One consideration in enumerating the TCP alive population of any given protocol are network tarpits: IPs masquerading as fake hosts, responding positively with a TCP SYN-ACK to all TCP SYN probes. We discovered 1.9M TCP alive IPs that oddly appear in all five TCP scans. To confirm that these are tarpits, we scanned these IPs on a random high port six days after the original scan—89% responded positively, strengthening our belief that these are tarpits. If, as is common practice, transport alive IPs are taken as a proxy for the service population (e.g., IPs that respond to TCP SYN probe on port 80 with SYN-ACK represent Web servers), then the 1.9M tarpit IPs inflate HTTP, HTTPS, and CWMP footprints by 3–4% of their original size, SSH by 10% and Telnet as high as 23%. To mitigate bias due to tarpits in studies conducting transport-layer measurements from which to make application-layer inferences, simultaneously probing a high random port number for liveness can aid in identifying such instances.
What fraction of the host population that responds to a certain probe/protocol can also be captured when probed for different protocols?

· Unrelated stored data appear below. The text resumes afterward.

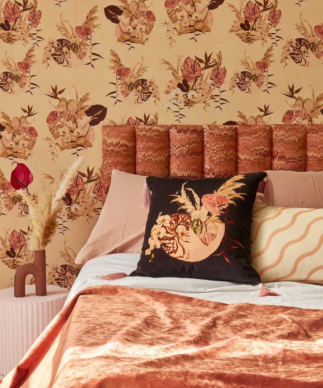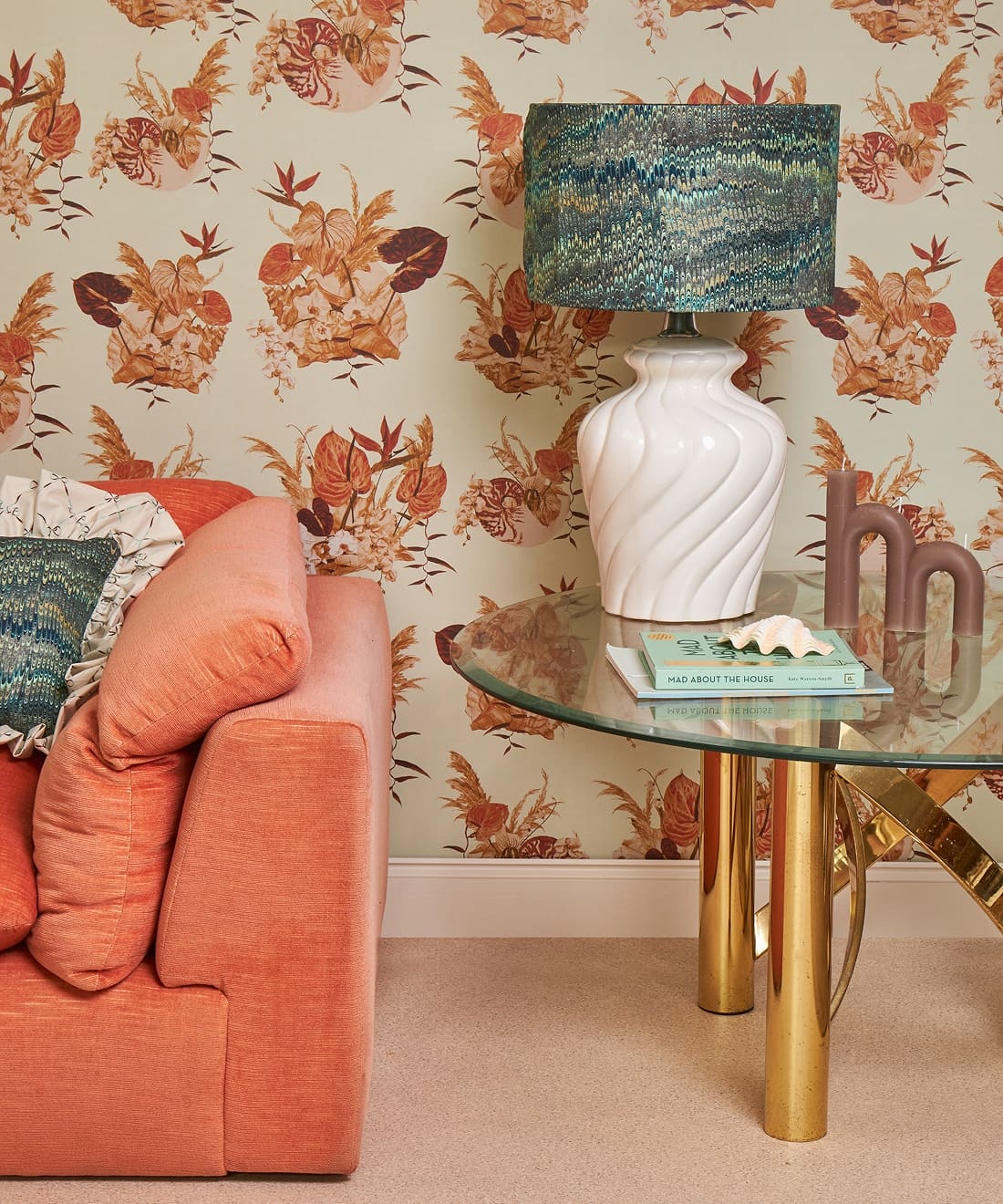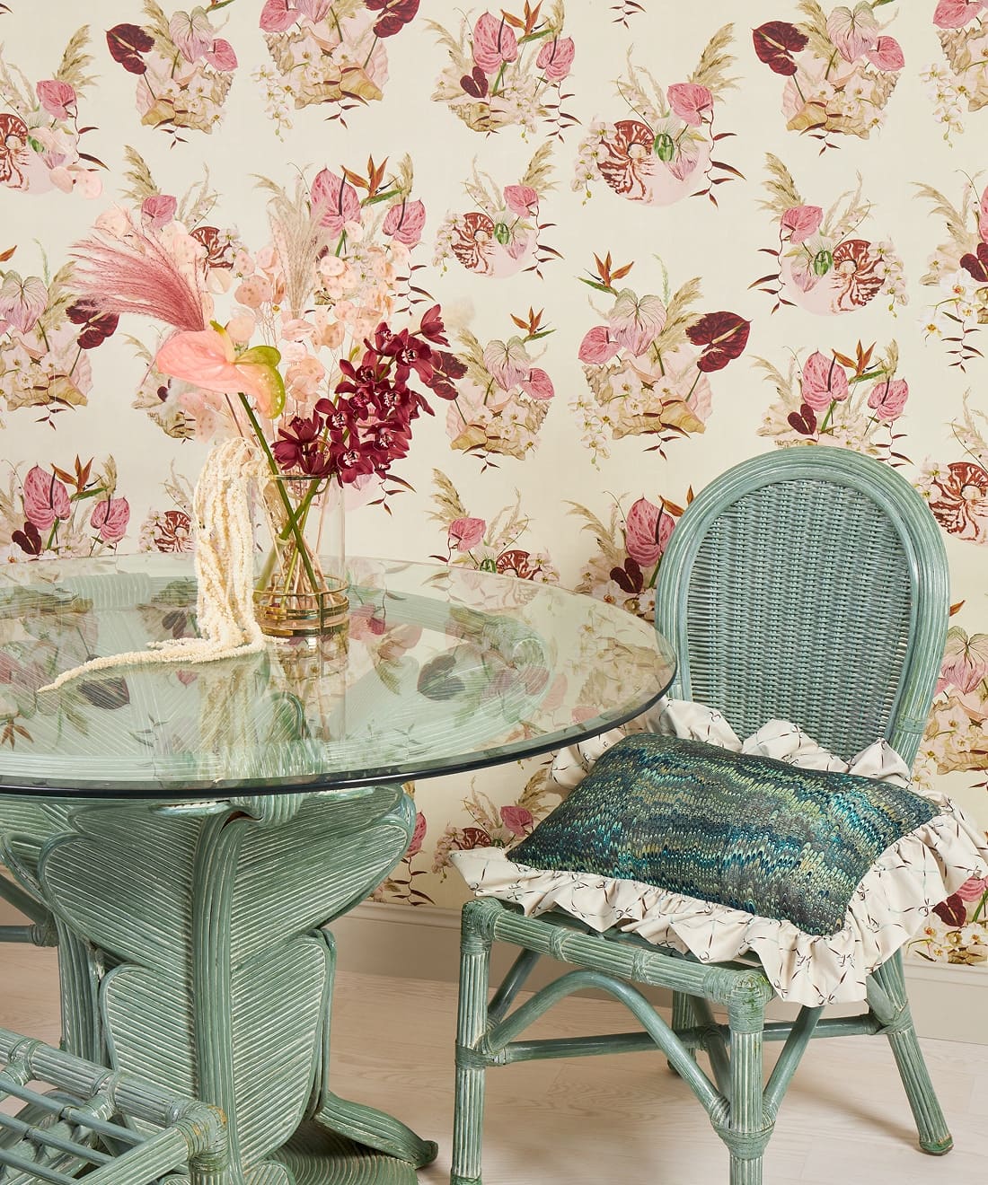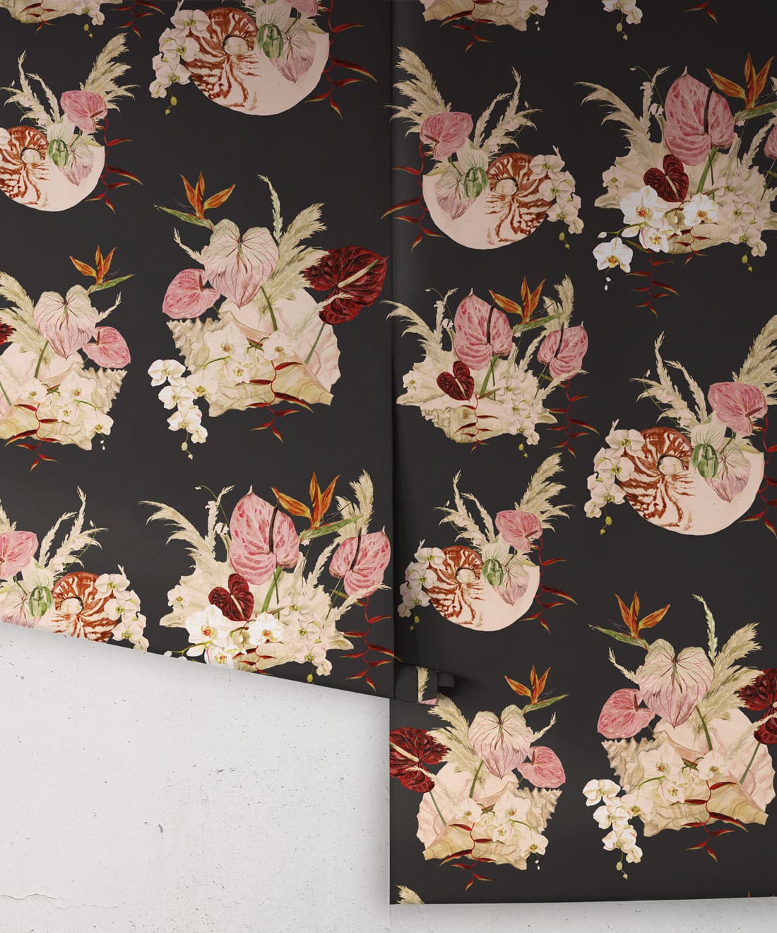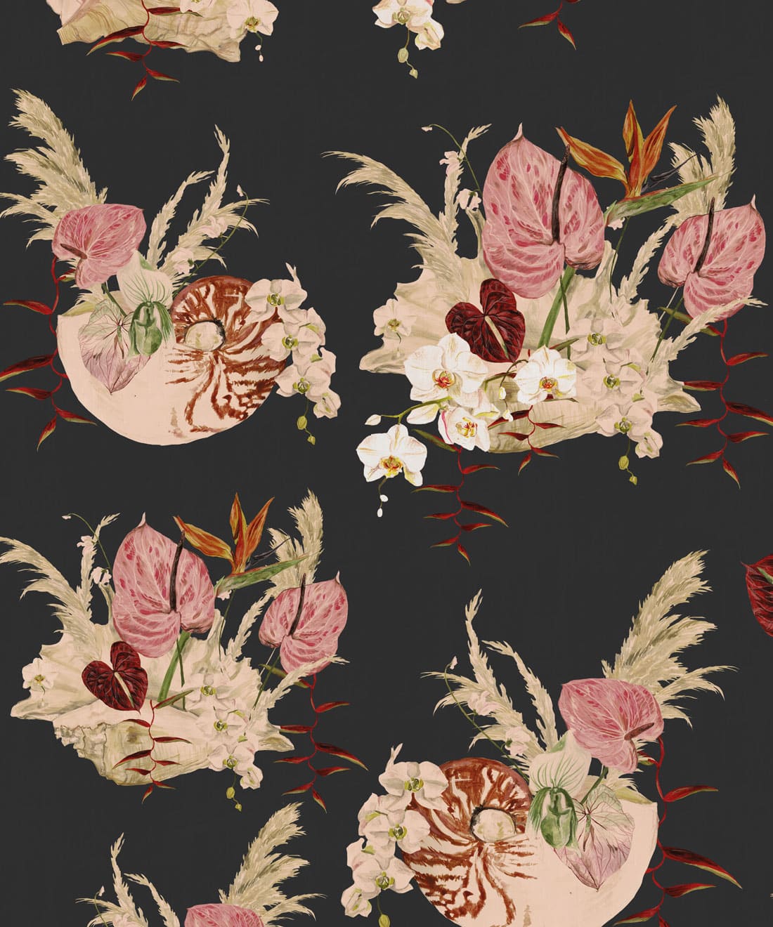 Mazzo is a celebration of vintage glamour with a playful twist. Exotic blooms nestled in delicate shells evoke the dreamy aesthetic of 70s and 80s Italian design. With ice cream tones and hand-painted detail, this print is perfect for those who love their interiors bold, nostalgic, and beautifully layered.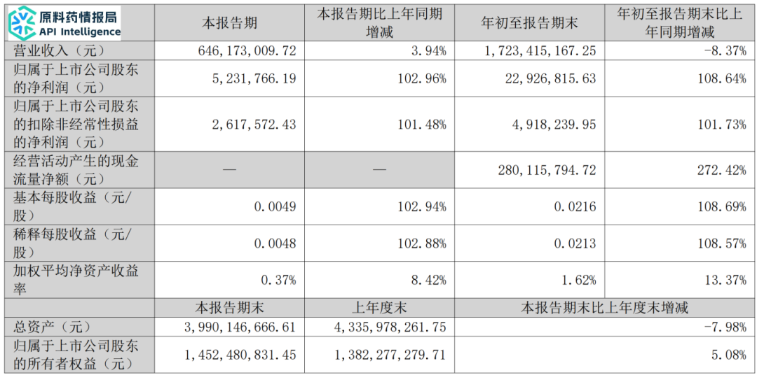 罗欣药业前三季度公司实现营业总收入17.23亿元,同比下降8.37%;归母净利润2292.68万元,同比扭亏;扣非净利润491.82万元,同比扭亏。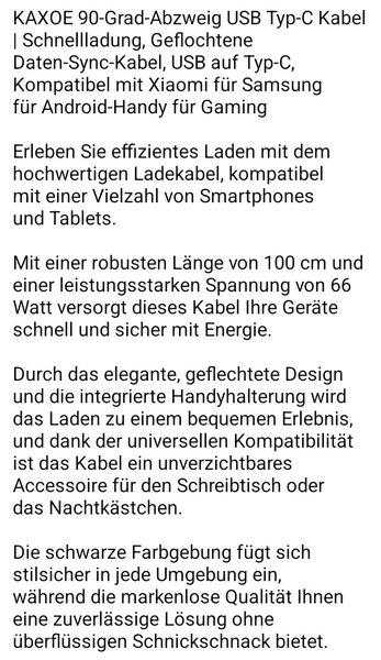Schnell Ladekabel 66 W 100 cm/39,37 Zoll zum Laden der Geräte €5 T.0163/1694190

The figure above shows the conditional probabilities for activity (which includes both positive and negative responses) of our probed TCP- and UDP-based protocols. For ICMP, we considered network-layer aliveness (i.e., IPs that respond with ICMP EchoReply). The bottom-most row shows that a significant fraction of transport active hosts (26% on average for TCP services and 12% for UDP) cannot be discovered via ICMP. This is an important consideration, given that it is common practice to use the subset of ICMP-alive IP addresses for further scans, e.g., to measure service availability. The TCP and UDP blocks indicate varying degrees of correlation in filtering behaviour across services, when seen pair-wise. Some protocols are highly-correlated: for example, a Telnet-active host is very likely to elicit a response from both SSH and HTTPS. This suggests that the same seed set of IP addresses can be potentially used to bootstrap multiple highly-correlated target populations to reduce scan traffic.
Summary
Internet-wide scanning depends on a notion of liveness: does a target IP address respond to a probe packet? However, the interpretation of such responses, or lack of them, is nuanced and depends on multiple factors, including: how we probed, how different protocols in the network stack interact, the presence of filtering policies near the target, and temporal churn in IP responsiveness. Although often neglected, these factors can significantly affect the results of active measurement studies. In our recent ACM SIGCOMM CCR paper Scanning the Internet for Liveness, we presented a systematic analysis of liveness and how it manifests in active scanning campaigns, yielding practical insights and methodological improvements for the design and the execution of active Internet measurement studies. We released the code and data of this work as open source to allow for reproducibility of the results, and to enable further research.
Going forward, we are keen to deepen our understanding of active scanning in multiple dimensions, looking at: (1) liveness at the application layer, (2) how liveness varies over time and IP space, and (3) the multivariate probability distributions of transport layer liveness, and exploring using existing results and their correlations to reduce scan traffic.